Tax-exempt organization of radical video makers, distributors and activists
Created radical satellite TV channel Deep Dish TV to distribute its videos nationwide like a TV network
Funded with taxpayer dollars appropriated for the arts
Paper Tiger Television (PTTV, also known as the Paper Tiger Television Collective) is an organization of radical video makers, distributors and activists. "Since 1981 PTTV, an open, non-profit, volunteer video collective, has challenged and exposed the corporate domination of mainstream media," says its website, "using the non-commercial, uncensored channels to counterbalance [the] negative influence of mass media. PTTV works to involve communities in the process of making media and advocates for more equitable and democratic control of the information industry."

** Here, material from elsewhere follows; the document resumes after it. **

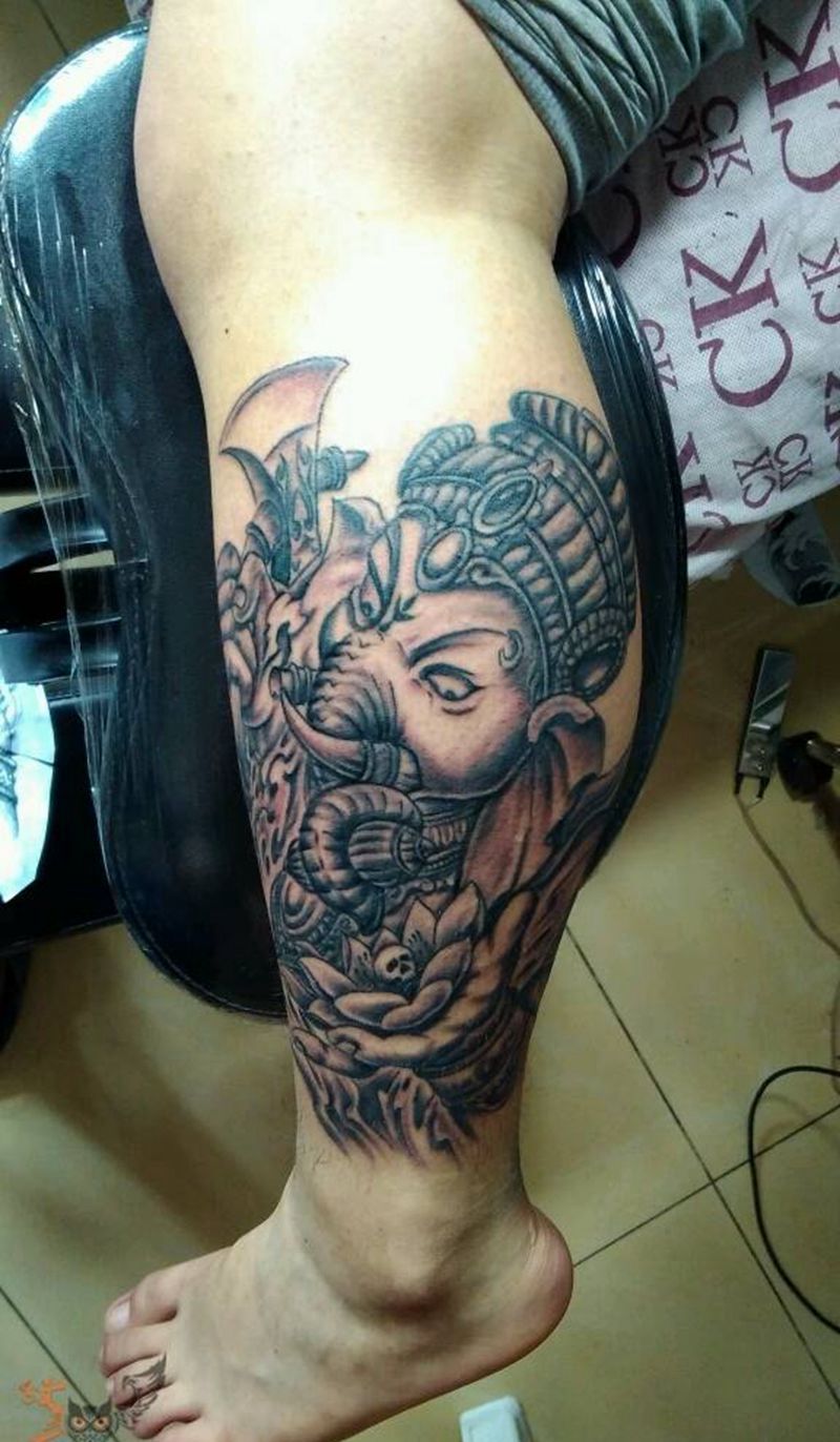 当前位置: 首页 >北京市纹身店-北京花刺纹身工作室纹身图案>小腿象神纹身图片_传统腿部宗教纹身图案
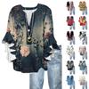 Women's Fashion Casual Button V-Neck Seven Sleeve Vintage Printed Shirt Top

The operation began in 1981, when veteran video producer Dee Dee Halleck brought together several other producers to "create an entire new series devoted to critical readings of newspapers, magazines, and media issues." DubbedPaper Tiger Television, it began to show its programming on Manhattan public access in 1982. Tapes of the shows were distributed to universities, museums, access channels and art centers, thanks to funding from the New York State Council on the Arts.PTTV currently markets its videotapes for $181.68 per copy.
One Paper Tiger TV video is Standing With Palestine, which reflects the views of the group SUSTAIN ("Stop US Tax-funded Aid to Israel Now"). Crash the G8 Party and Showdown in Seattle are two of the many anti-capitalist videos in PTTV's catalog, for sale alongside Paper Tiger TV Flushes Rush, which derides popular radio talk show host Rush Limbaugh. Class Dismissed features the views of Professor Howard Zinn and "provides a critical look at how U.S. history is taught in high school, at … the information that never seems to make it onto the textbook pages … [and] the lack of race and class analysis in textbooks." Resisting the Empire was produced in 2003 "as a tool with which to critique the media's coverage and participation in the War in Iraq."
Paper Tiger has drawn accolades from MIT linguistics professor Noam Chomsky, who writes, "The media has become more doctrinaire and rigid, and more and more people are rightly seeking serious alternatives of the kind Paper Tiger has been providing so well."
In 1986, using taxpayer money appropriated for the arts as they did to create Paper Tiger TV, Dee Dee Halleck and her PTTV cohorts launched the satellite channel Deep Dish TV to provide instant distribution to local cable systems nationwide of videos produced by left activists.